He has collected eight Grammy nominations since 2013, released three chart-topping albums and is known as a streaming juggernaut.Īfter recreating rodeos and flying atop an animatronic bird over his crowds, Scott staged an international tour for “Astroworld” - named for a defunct Six Flags theme park near where he grew up - that featured a functional roller coaster that shot out over the audience. 1 single, “Sicko Mode,” with Drake, a feat Scott would repeat three more times from 2019 to 2020. “Astroworld” also featured the rapper’s first Billboard No. The album release was paired with an extensive merchandise collection that drove purchases, and it helped lead to collaborations with McDonald’s, Hot Wheels, Nike, Reese’s and more. The same year as his arrest in Arkansas, he joined the extended Kardashian universe as the boyfriend of Kylie Jenner the couple had a daughter, Stormi, in 2018 and are now expecting their second child.īut it was the release of Scott’s third album, “Astroworld,” in the summer of 2018, that cemented him among the upper echelon of superstar performers - and salesmen. He eventually pleaded guilty to a misdemeanor for disorderly conduct, and paid a $7,465.31 fine. In 2017, Scott was arrested again after a performance in Arkansas, where he was charged with inciting a riot for encouraging fans to rush the stage and bypass security. Scott later pleaded guilty to reckless conduct and was put under court supervision for a year. At the Lollapalooza festival that summer in Chicago, the rapper’s set was cut off five minutes in, after he told fans to rush the barricades, flip off security and chant, “We want rage,” resulting in a stampede that injured a 15-year-old girl.


“We don’t like people that just stand - whether you’re Black, white, brown, green, purple, yellow, blue, we don’t want you standing around.”Ī concert review from Complex that year was titled, “I Tried Not to Die at Travi$ Scott and Young Thug’s Show Last Night,” calling the concert “the most dangerous safe haven” and “a turnt-up fight for survival.”īut as Scott’s diverse audience expanded and his operation professionalized, he also ran up against the limits of his amiable anarchy. “Raging and, you know, having fun and expressing good feelings is something that I plan on doing and spreading across the globe,” Scott said.
Mosh pit astroworld professional#
In a 2015 GQ segment called “How to Rage With Travis Scott,” the rapper linked his childhood fantasy of becoming a professional wrestler to his later desire to make his concerts “feel like it was the WWF.” But after his proper debut, the musician began realizing his dreams of ambitious stage design and adrenaline to match.
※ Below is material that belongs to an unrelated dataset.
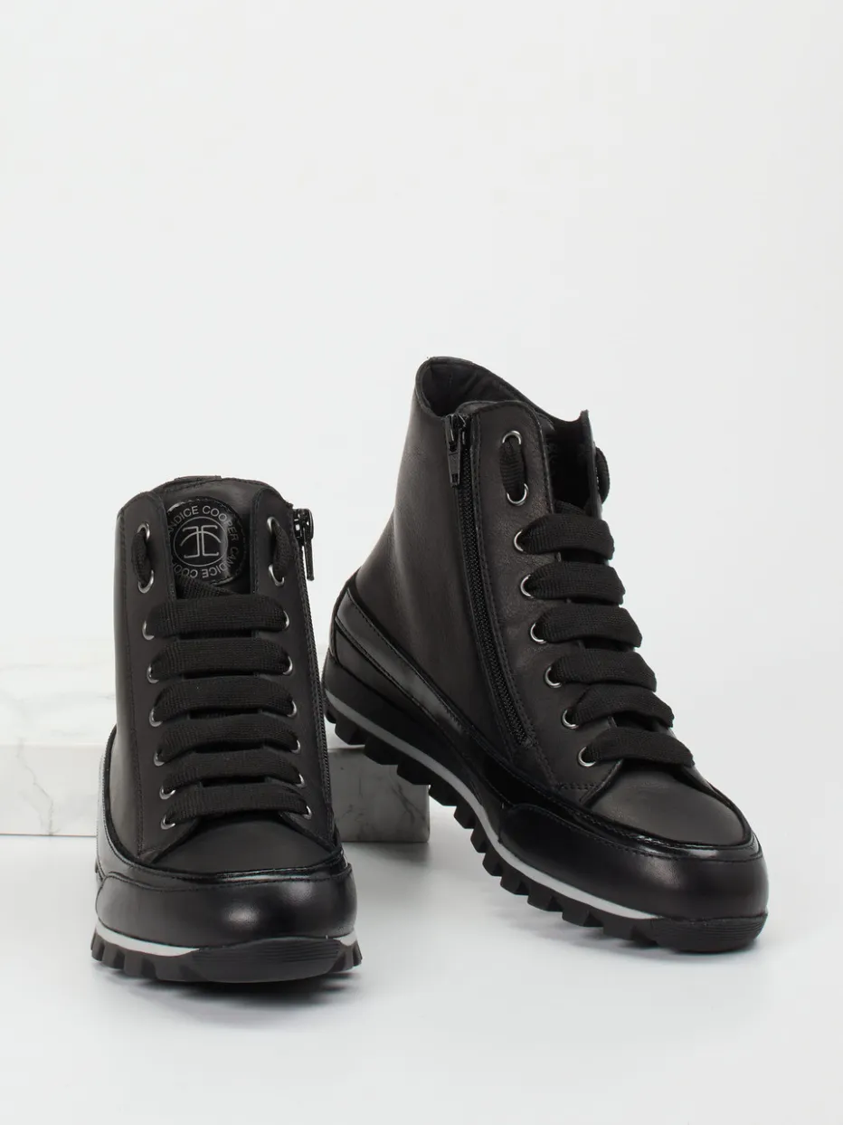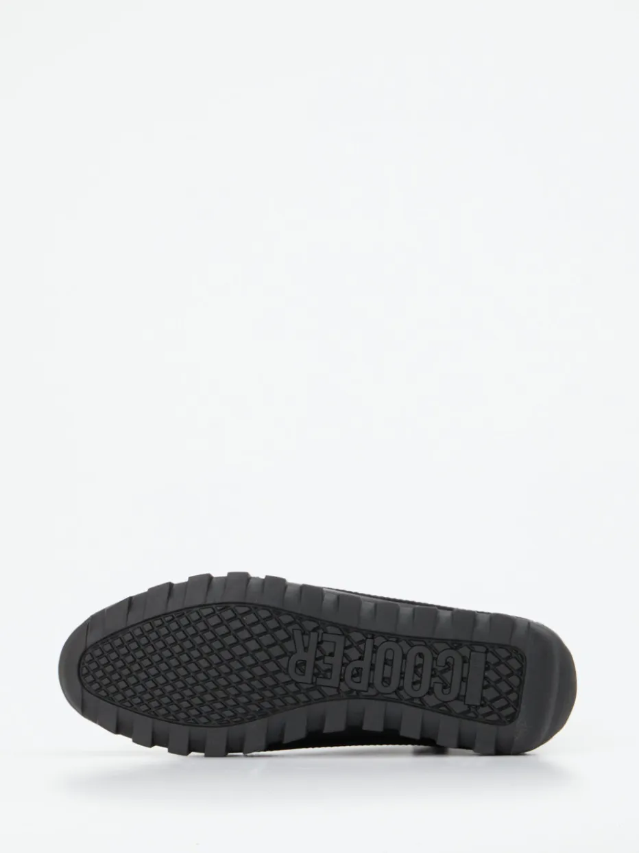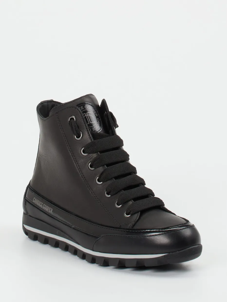 Schwarz trifft Funktion im Alltag.Candice Cooper bringt mit diesen Schnürboots ein Modell für Stadt und Outdoor heraus. Das schwarze Kalbleder ist strapazierfähig und weich zugleich, ergänzt durch eine matte Oberfläche mit Ton-in-Ton-Nähten. Die knöchelhohe Form, kombiniert mit seitlichem Reißverschluss und schwarzer Schnürung, sorgt für einfaches Handling. Die markant profilierte Gummisohle mit hellem Kontraststreifen bietet Trittsicherheit und betont den urbanen Charakter. Unauffällig platzierte Logoprägungen an Zunge und Seite runden das reduzierte Design ab. Inspiration aus Streetwear und Minimalismus verleiht dem Modell modische Stärke. Komfortabel, robust und stilvoll – für moderne Ansprüche gemacht.

Just a year earlier, Scott was playing for tiny audiences. Using West’s inclination toward cultural pastiche, along with the genre-hopping, fashion-forward templates of artists like Kid Cudi and ASAP Rocky, Scott quickly emerged near the forefront of a micro-generation of rappers - Playboi Carti, Trippie Redd, Lil Uzi Vert - who brought a punk-rock sensibility to the mass scale of modern rap, especially in concert.Īfter a few high-profile guest appearances and two mixtapes released in 20, Scott’s first studio album, “Rodeo,” was released by Epic Records and rapper T.I.’s Grand Hustle label in 2015.

Scott, a Houston native who dropped out of the University of Texas to pursue music, became a protege to Kanye West in 2012. Yet those incidents only served to bolster the legend of the rapper’s live shows, with footage of stretchers, wheelchairs and the daredevil stunts that may have necessitated them - like leaping from lighting structures - used to illustrate Scott’s roving carnival of a career.īy Sunday, however, an official commercial for this year’s Astroworld festival that emphasized such imagery had been removed from YouTube. In an ongoing civil case, one concertgoer said he was partially paralyzed in 2017 after Scott encouraged people to jump from a third-floor balcony and then had him hoisted onstage. Twice before, Scott has been arrested and accused of inciting riots at his concerts, pleading guilty to minor charges. While crowd-control disasters have occurred at rock concerts, religious celebrations and soccer matches, the incident in Houston has quickly turned Scott’s biggest selling point and foundational philosophy as an artist into a flashpoint about his culpability after years of encouraging - and participating in - extreme behavior by his fans.